Lors d’une promenade au Jardin des Plantes à Nantes, je m’interrogeais sur la justesse d’ouvrir le jardin sur la gare. Je comprends les perméabilité visuelles et la porosité de la ville, la fluidité et la mobilité entre ses différents lieux. Je suis conceptrice urbaine, je défends moi même souvent ces fondamentaux.
Et pourtant, voyant les murs et haies disparaître, je me questionne.
Un jardin n’est pas un espace public comme un autre. Il représente un monde idéal et imaginaire. Ses concepteurs-rices transcrivent au fil du temps une relation utopique entre l’humain et la nature dans la matière.
Or se plonger dans cet imaginaire nécessite une intériorité.
Tout d’abord, parce que la clôture facilite sa lecture, sa compréhension, telle la limite de la toile ou le cadre du tableau. Créer un monde idéal, c’est créer un ailleurs dont le mur et la porte, marquent sa frontière et donc son existence.
Mais aussi, parce que vivre un monde imaginaire demande de la confiance et de la sécurité, que le mur crée.

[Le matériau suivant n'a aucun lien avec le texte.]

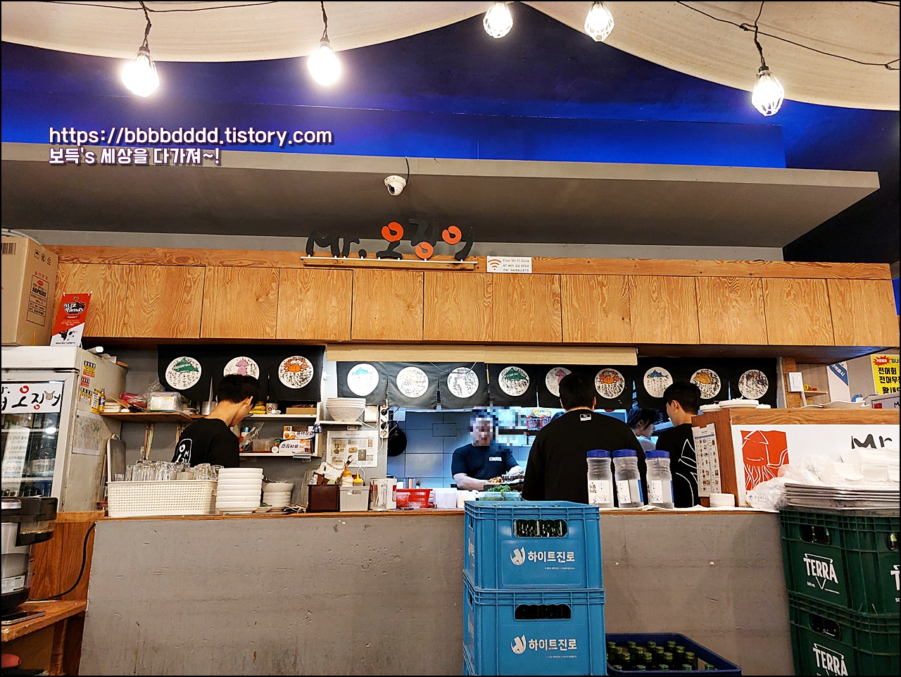 미스터 오징어의 주방 앞에 자리를 잡았었다.

Pourquoi vouloir rendre tout facile d’accès, visible, traversable ?
Une belle illustration de jungle telle que l’on en trouve aujourd’hui est accessible à tous, compréhensible et appréhendable au premier coup d’oeil. Mais elle ne vous plongera pas dans la jungle imaginaire du Douanier Rousseau dont elle s’inspire tant. Les peintures du Douanier Rousseau sont intuitives et ne demandent aucune connaissance d’histoire de l’art pour y être sensible, mais elles ont une intériorité et une profondeur.
J’y vois un parallèle, certes étrange, avec les espaces publics et les jardins.

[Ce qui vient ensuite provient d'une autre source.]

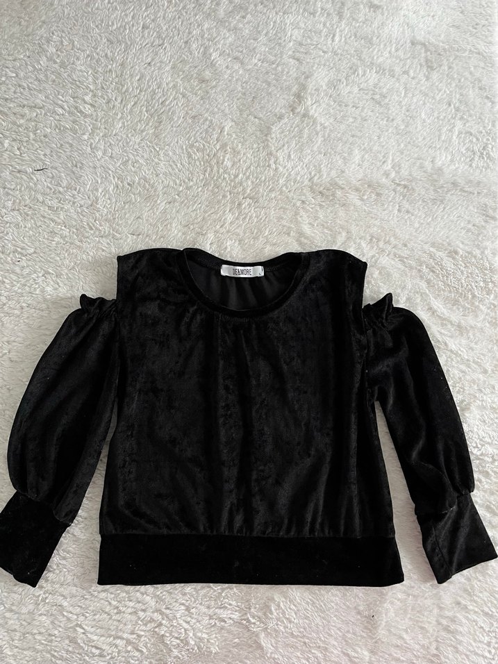 Kadife omzu açık bluz

Je retrouve ce désir d’ouverture et de partage entre tous, systématique, dans les espaces communs en création. Nous nous faisons le devoir d’être des lieux de partage, ouverts à tous et tout de suite. La chasse à l’entre-soi est ouverte.
Cependant, créer un commun implique de concevoir de nouvelles formes de vivre-ensemble, une utopie, une expérimentation, un monde idéal donc. L’entre-soi est une étape nécessaire pour se sentir en sécurité et transformer ensemble nos croyances, nos mythes et notre rapport à l’autre. C’est une étape obligatoire dans la construction d’un nous, d’un collectif et donc d’une dynamique de groupe.
Que ce nouveau système humain en création, ce collectif garde des portes ouvertes, généreuses, pour créer des synergies et passerelles avec l’extérieur et les autres est le plus important.
Alors laissons quelques murs en place, tant qu’ils sont percés de portes qui peuvent s’ouvrir à tout instant.